А так как меня, в отличие от Вячеслава, не печатали, даты и юбилеи перестали иметь какое-­либо значение, я продолжал писать в стол, одновременно печатаясь как переводчик, составлял для разных издательств сборники немецкой поэзии, был больше озабочен возрастом переводимых мной поэтов. Возрастные вехи моей жизни отмечались лишь в узком семейном кругу, таким образом они прошли незамеченными не только для меня, но и для так называемой общественности.
С какого-­то времени я вообще перестал думать на эту тему. В литературе нет возраста. 18-­летний поэт и 80-­летний – собратья по перу. Но мера ответственности перед собственным творчеством, конечно, осознается с годами острее. Поздняя зрелость имеет одну грустную сторону: обрастаешь новыми замыслами, знаешь, что они тебе по плечу, но понимаешь, что времени на них не остается. Поэтому стараюсь быть избирательнее, чем в молодости

В. Ш.: Простите, Вальдемар, но здесь, как мне кажется, вы несколько «сгущаете краски». В какой­то степени даже завидую вашей с Вячеславом энергии.

В.В.: Физическая энергия, к сожалению, истощима. Приобретаешь опыт, умение, но все меньше энергии остается для осуществления замыслов. Правда, порой посещает догадка: не ты распоряжаешься тем, что тебе дано успеть создать, – тому же, чему не суждено осуществиться, предназначено умереть вместе с тобой, ибо сие недостойно тебя и вредно для других. Однако это не значит, что твоя воля больше не участвует. Избирательность помогает сохранять именно энергию. К избирательности побуждает чувство ответственности.
Быть полезным – подсознательный мотор любого творчества. Литературное бытие многообразно. Необходимо общение собратьев по перу, разговоры, споры, доверительные беседы, обмен опытом. Например, у меня одним из побудительных мотивов издавать переводные сборники и антологии было – собрать вокруг себя творческих единомышленников, увлечь своих младших коллег немецкой литературой, обратить внимание на ее богатство. Составительская и издательская деятельность мне были по душе. Самое интересное в жизни – это люди, общение с ними. И «чувство голода на людей» у меня, слава богу, с возрастом не проходит.

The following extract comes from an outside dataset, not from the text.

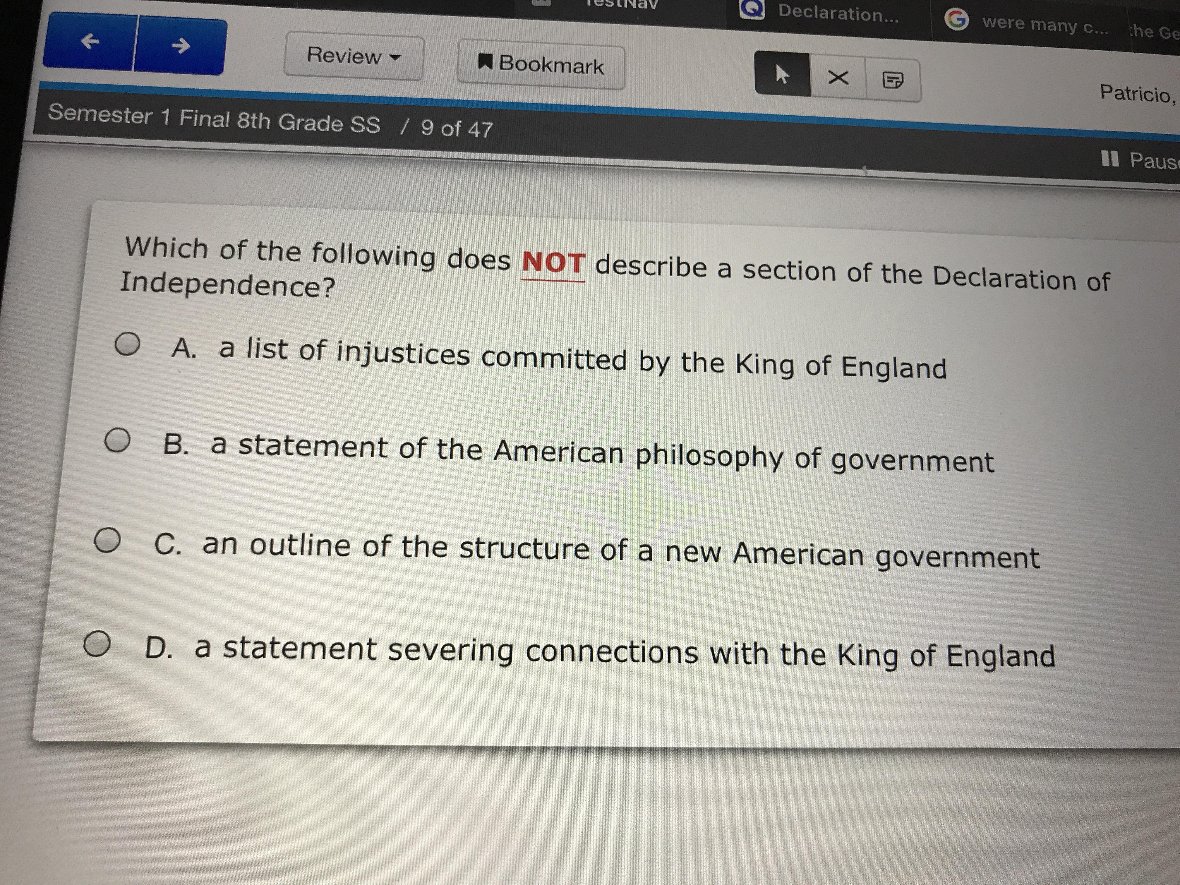 Just took the test. B. There was no clear winner.
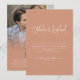 Foto Overlay Script QR Boho Wedding Terracotta. Drucken oder Drucken. Bohemische Farbtöne in Erdfarben, cremefarbene Typografie auf weicher Terrakotta. Ändern Sie den Text nach Bedarf, und ersetzen Sie das Foto der Probe auf der Rückseite durch Ihren eigenen Favoriten. Mit einem QR-Code auf Ihrer Hochzeitswebsite, damit Ihre Gäste es einfach scannen und mehr Details sehen können. Ihr QR-Code wird automatisch generiert, um den Beispielcode im Design zu aktualisieren, wenn Sie einfach die Beispiel-URL in der Vorlage mit Ihrer eigenen Hochzeitswebsite-URL ändern

В.К.: Что до моей «неистощимой энергии», слухи о ней преувеличены, я весьма ленив. Я многое не закончил, поскольку слишком долго собирался начать.
По поводу замечания моего друга Вальдемара, что меня печатали в былые времена. Это особая история, о которой еще мне стоит написать. Но этот факт сегодня не совсем на пользу, часто слышишь: ага, его призна­вали еще в несвободном обществе! И на признание это никак не влияло, если иметь в виду официальную сторону. Помню, я получил впервые международную премию на фестивале в Италии, подхожу к дверям нашего Союза писателей, там стоят три секретаря правления, я тут же с ними поделился своим успехом. Они с удивлением посмотрели на меня, не промолвили ни слова, повернулись и исчезли. Это 1986 год, я уже 10 лет как член СП. А вот 1975 год, я вернулся с фестиваля поэзии в Варшаве, меня встречает председатель секции художественного перевода (в секции поэзии меня никто не ждал и принимать не собирался) Лев Гинзбург, и объявляет: «Вы имели в Польше нездоровый успех, придется отложить Ваш прием в Союз на полгода».

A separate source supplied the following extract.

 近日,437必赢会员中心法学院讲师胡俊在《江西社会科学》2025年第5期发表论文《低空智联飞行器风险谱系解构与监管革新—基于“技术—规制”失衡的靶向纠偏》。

В.Ш.: Вячеслав, Вы один из пионеров современного русского свободного стиха. Именно свободный стих мне хотелось бы сделать главной темой нашего разговора. Сам по себе он не является в русской поэзии чем­-то совершенно новым. Это даже не хорошо забытое старое. Речь, скорее, идёт о новых его формах, о новом его содержании. И Вы и, несколько позже, Вы, Вальдемар, сделали свободный стих основным в вашем поэтическом творчестве.
Почему же не вписывался свободный стих в официальную поэзию того времени? Какая, собственно, опасность от него исходила?
Вторая часть вопроса — более личная:
Что же Вас так прельстило в свободном стихе, в верлибре? Обращение к нему – было ли это рассудочным шагом, некоей, извините, творческой калькуляцией, или же Вы пришли к нему на подсознательном уровне, скажем так: по велению души?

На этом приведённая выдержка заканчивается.